The circumstances envisaged could cover amongst others:
criminality falling below the thresholds set out in paragraph 398 of the Immigration Rules;
a very poor immigration history, such as where the person has repeatedly and deliberately breached the Immigration Rules."
14. I have taken into account that this policy envisages that countervailing circumstances may mean that it is appropriate to refuse leave and I have noted that the appellant has a poor immigration history; although, as also noted, this must be considered in the context that he was brought to the UK as a child, albeit unlawfully, in 2007 with the assistance of an agent.
15. I accept the appellant's evidence in his witness statement, which was not specifically disputed, that his family members from Bangladesh arranged his travel and he had no knowledge of anything and did not know any better as a child. Upon his arrival in the UK he lived with his uncle, who helped to financially maintain him. He subsequently met his wife, R B, in 2013, a British citizen, who has never been to Bangladesh. The genuineness of this relationship and the relationship with his child is not disputed. I have taken into account that there are mitigating factors for the appellant's behaviour including his young age and that he was relying on family relatives, albeit that he was an adult for some time in the UK prior to seeking to regularise his status.
16. I do take into account when considering reasonableness therefore the appellant's poor immigration history.
17. I have also considered that the appellant's wife is a British citizen and has never visited Bangladesh, let alone lived there. In all the circumstances therefore, even when the appellant's immigration history is taken into account, it would not be reasonable to expect the child to leave the UK and therefore paragraph EX.1. is met. In the alternative, if I am wrong I am satisfied that Section 117B(6)(b) applies and it would not be reasonable to expect the child to leave the UK.
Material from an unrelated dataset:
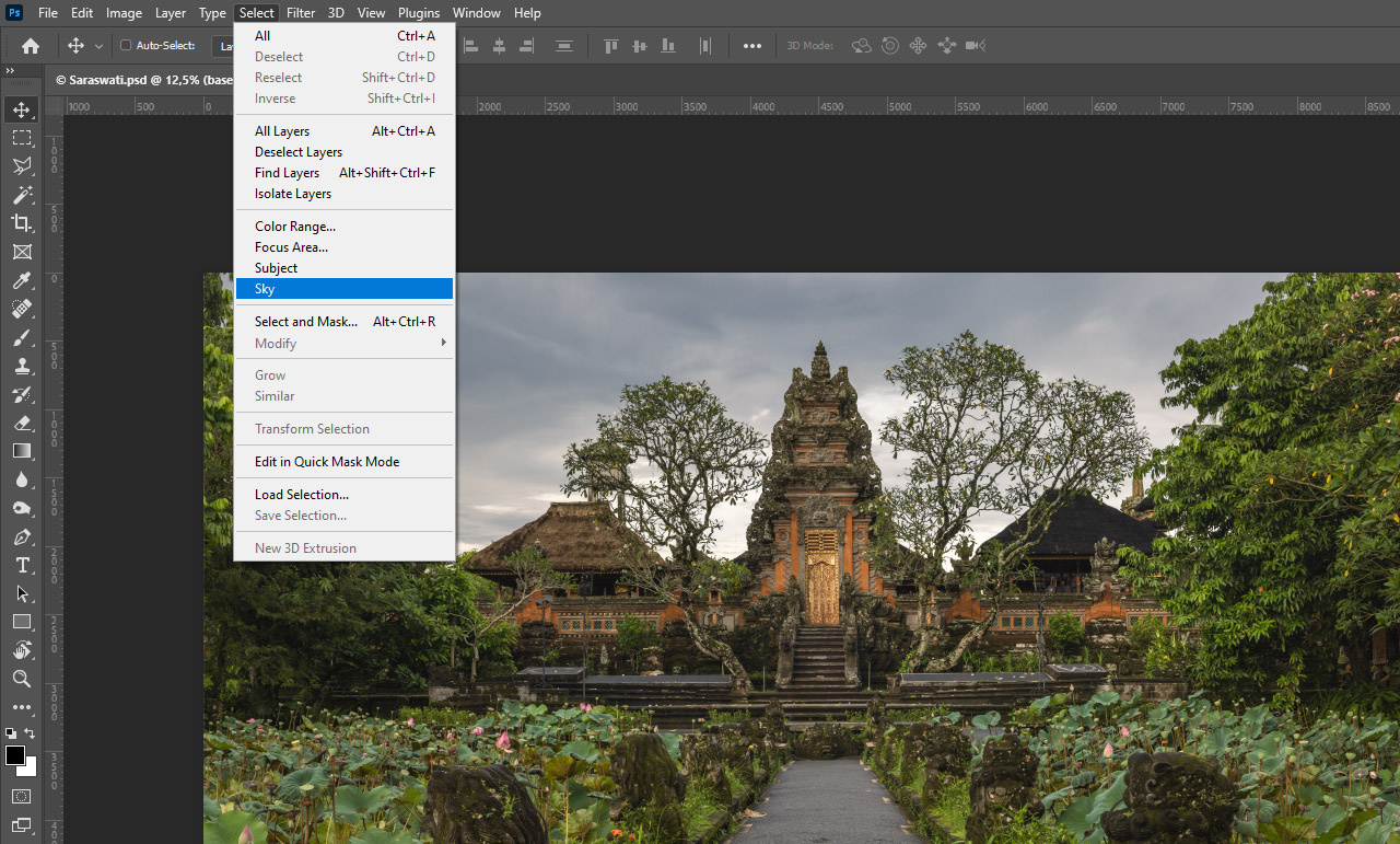 To create a sky selection in Photoshop, head to "Select - Sky." Photoshop will analyze the image to find areas it thinks to belong to the sky. Once finished, you'll see the marching ants highlighting the selection.

18. Considering the appellant's appeal outside of the Immigration Rules, I have considered the public interest question. Under Section 117A(2) I must have regard to the considerations listed in Section 117B, which I have as follows:
(a) Public interest in the maintenance of effective immigration control is engaged. (if I am wrong in relation to my consideration of Appendix FM, and EX.1).
(b) It was not disputed before me that the appellant can speak English and therefore there is no infringement of the English-speaking public interest.
(c) However, I am satisfied that the economic interest is engaged as it has not been demonstrated that the appellant is financially independent at this point.
(d) I must attach little weight to the appellant's private life, which was established at a time when he was in the UK unlawfully.
19. However, having considered all the evidence in the round, together with the child's best interests which, I am satisfied, lie in remaining in the UK with both of his parents, the appellant's removal would be a disproportionate breach of Article 8.
Decision
The decision of the First-tier Tribunal contains an error of law and is set aside to the extent outlined above.
I remake the decision allowing the appellant's appeal under Appendix FM or, in the alternative, under Article 8 of the ECHR.


Direction Regarding Anonymity - Rule 14 of the Tribunal Procedure (Upper Tribunal) Rules 2008

Unless and until a Tribunal or court directs otherwise, no report of these proceedings or any form of publication thereof shall directly or indirectly identify the appellant. I have made such an anonymity order as this decision involves the circumstances of the appellant's minor child.